E-Nose Sensing of Low-ppb Formaldehyde in Gas Mixtures at High Relative Humidity for Breath Screening of Lung Cancer?

Formaldehyde (FA) is a potential breath marker for lung cancer and a tracer for indoor air quality monitoring. Its typical concentrations are below 100 ppb posing a sensitivity and selectivity challenge to current portable sensor systems. Here, we present a highly sensitive, selective, and compact electronic nose (E-nose) for real-time quantification of FA at realistic conditions. This E-nose consists of four nanostructured and highly porous Pt-, Si-, Pd-, and Ti- doped SnO2, sensing films directly deposited onto silicon wafer-based microsubstrates by flame spray pyrolysis (FSP).
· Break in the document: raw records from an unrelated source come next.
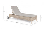 Détails Structure en aluminium thermolaqué (polyester), tressage en fibre synthétique (rond 5, 3mm). Coussins déhoussables en tissu oléfine anti-solaire (100% polypropylène). Roues en aluminium revêtues de caoutchouc. Taille 66a - 190b - 97h - 40h1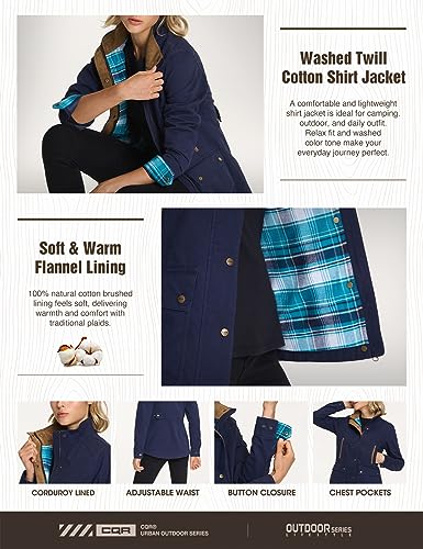 HOT ! CQR Women's Twill All Cotton Flannel Shirt Jacket, Soft Long Sleeve Shirts, Corduroy Lined Outdoor Shirt Jackets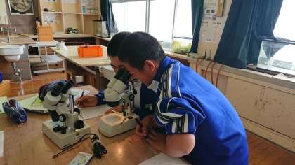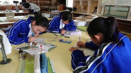 昨日の1年生理科の様子です。顕微鏡を使って、松の雌花と雄花の観察を行いました。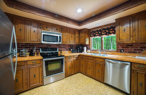 Our lodge has ample living space, a large wrap around deck with a BBQ grill, fire pit, outdoor hammock, 2 fireplaces, dining room, kitchen with breakfast bar, smart TVs, cable service, and Wi-Fi.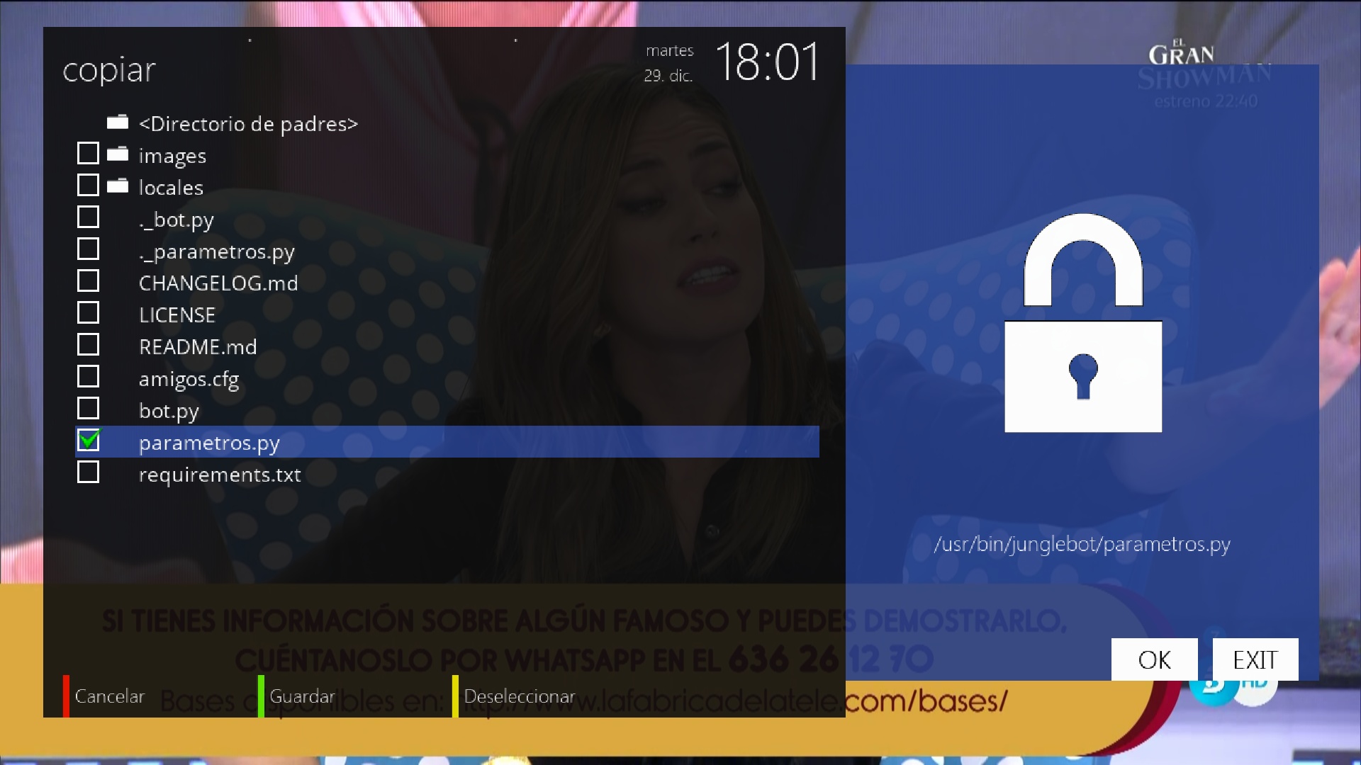 - /usr/bin/junglebot/parametros.py, el archivo de configuracion de junglebot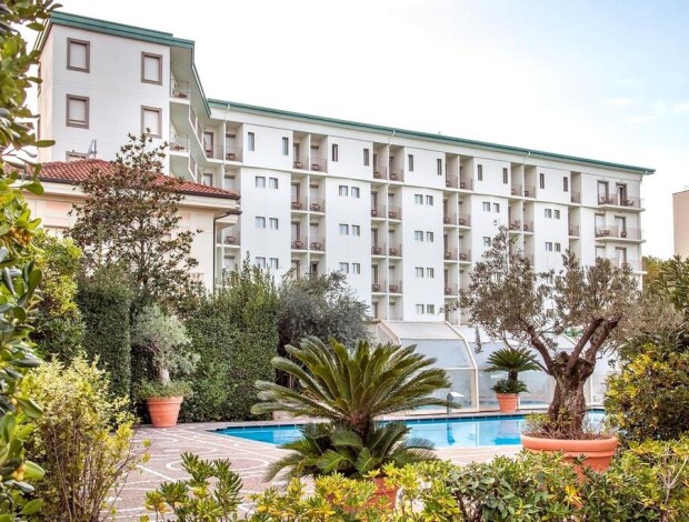 Příjemný HOTEL AURELIA**** (Viale Due Giugno) se nachází nedaleko centra letoviska s obchody a restauracemi a přímo u soukromé pláže, na kterou mají klienti přístup z hotelové zahrady pěšinou vedoucí pod pergolou. Hotel má recepci, výtah, Wi-Fi, bar, restauraci s venkovní terasou, společenskou místnost s TV, čítárnu, úschovnu zavazadel, směnárnu, kongresový sál, bazén s dětskou a hydromasážní částí (v provozu cca pol. dubna - září, možnost vyhřívání a zakrytí mimo hlavní sezónu, dle počasí), solární terasu se slunečníky a lehátky, wellness centrum (za poplatek; masáže, sauna, emocionální sprchy, solárium, čajový relaxační koutek), fitness posilovnu, piano bar (v hlavní sezóně), prostornou zahradu, miniklub pro děti (červenec-srpen), dětské hřiště, tenisový kurt a nordic walking (obojí za poplatek), úschovnu kol, posilovnu a parkoviště (na vyžádání, za poplatek). Možnost půjčení plážové osušky 4 €/ks.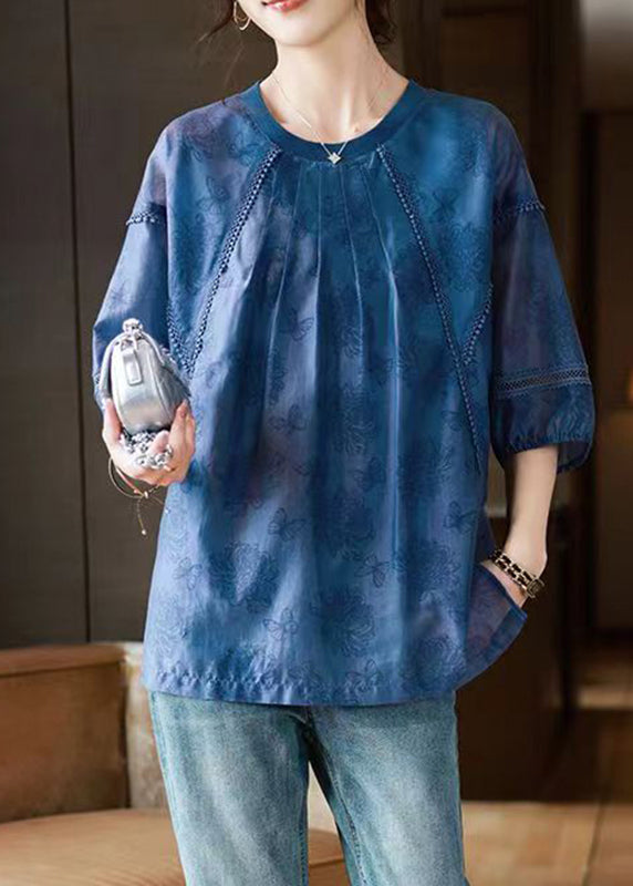 Expertly crafted with a beautiful blue O-neck and butterfly print design, this top features a unique bracelet sleeve. Handmade with precision, it is sure to become a staple in your wardrobe.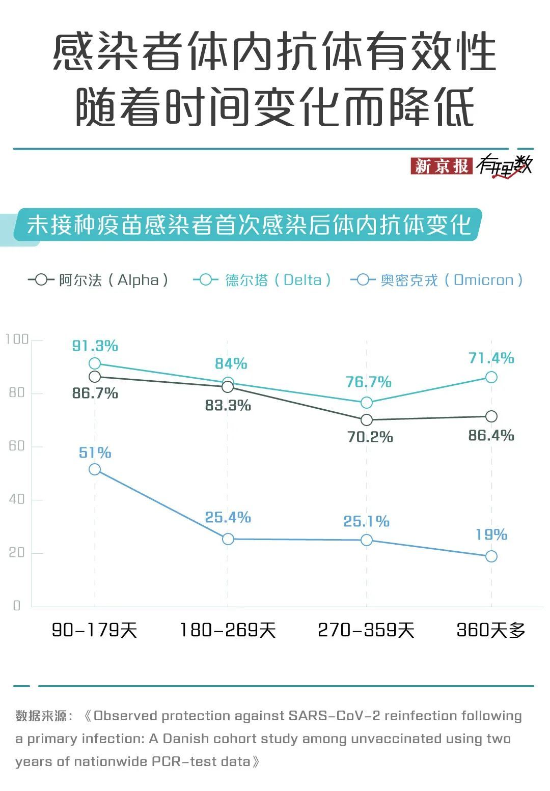 二次感染时间与感染者体内抗体有密不可分的关系。今年6月,丹麦一份研究表明,在未接种疫苗感染新冠病毒后,与阿尔法、德尔塔相比,感染奥密克戎后抗体保护性下降的更多。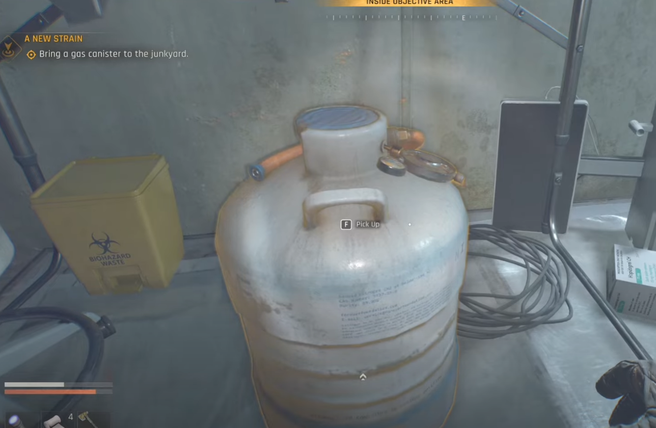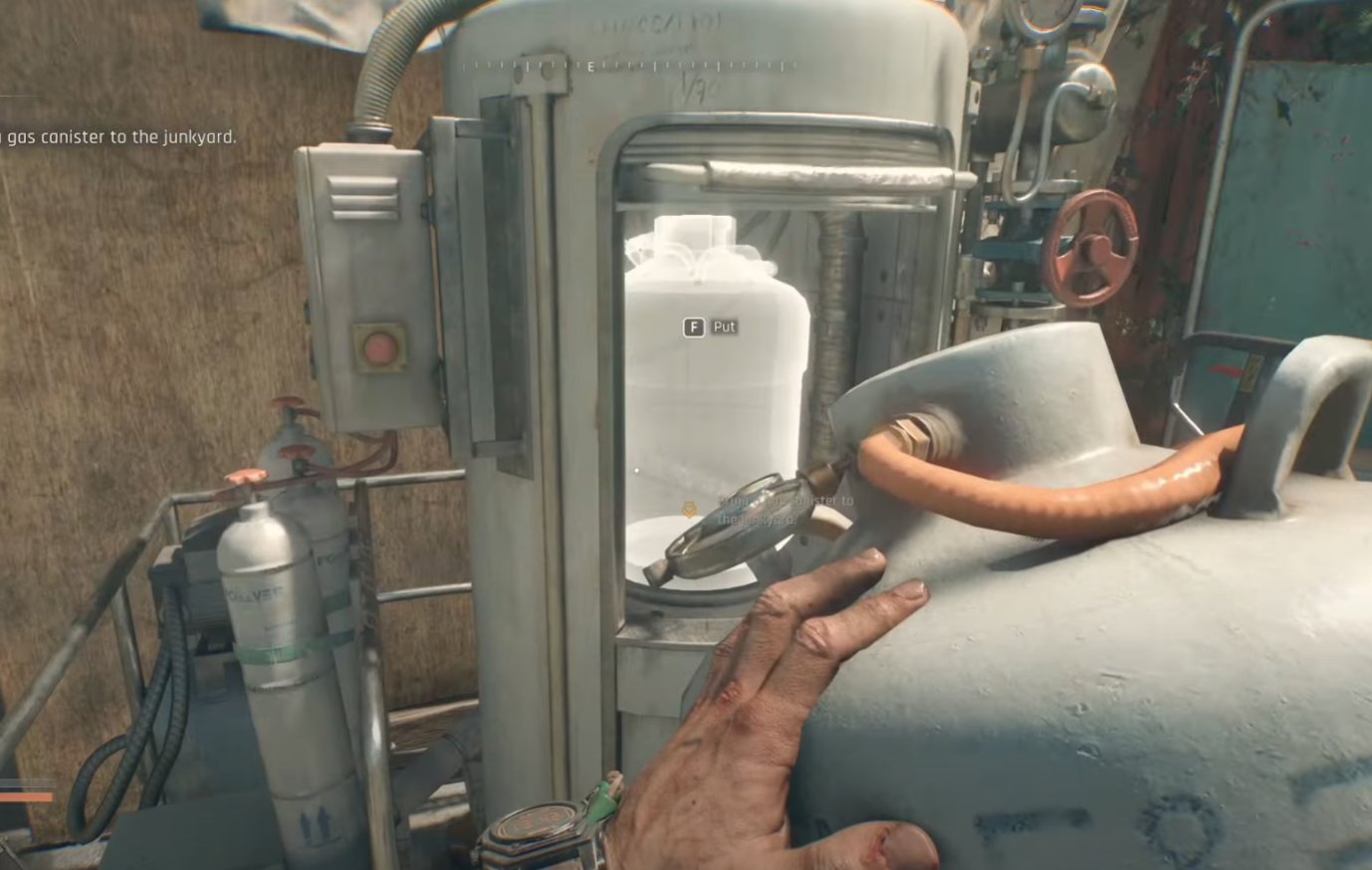 - Find a gas canister in the plant’s basement and carry it to the junkyard.

The constituent sensors offer stable responses (24 h tested) and detection of FA down to 3 ppb (signal-to-noise ratio > 25) at breath-realistic 90% relative humidity. Each dopant induces different analyte selectivity enabling selective detection of FA in two-, three- and four-analyte mixtures by multivariate linear regression. In simulated breath (FA with higher acetone, NH3, and ethanol concentrations), FA is detected with an average error <= 9 ppb using the present E-nose and overcoming selectivity issues of single sensors. This device could facilitate easy screening of lung cancer patients and monitoring of indoor FA concentrations.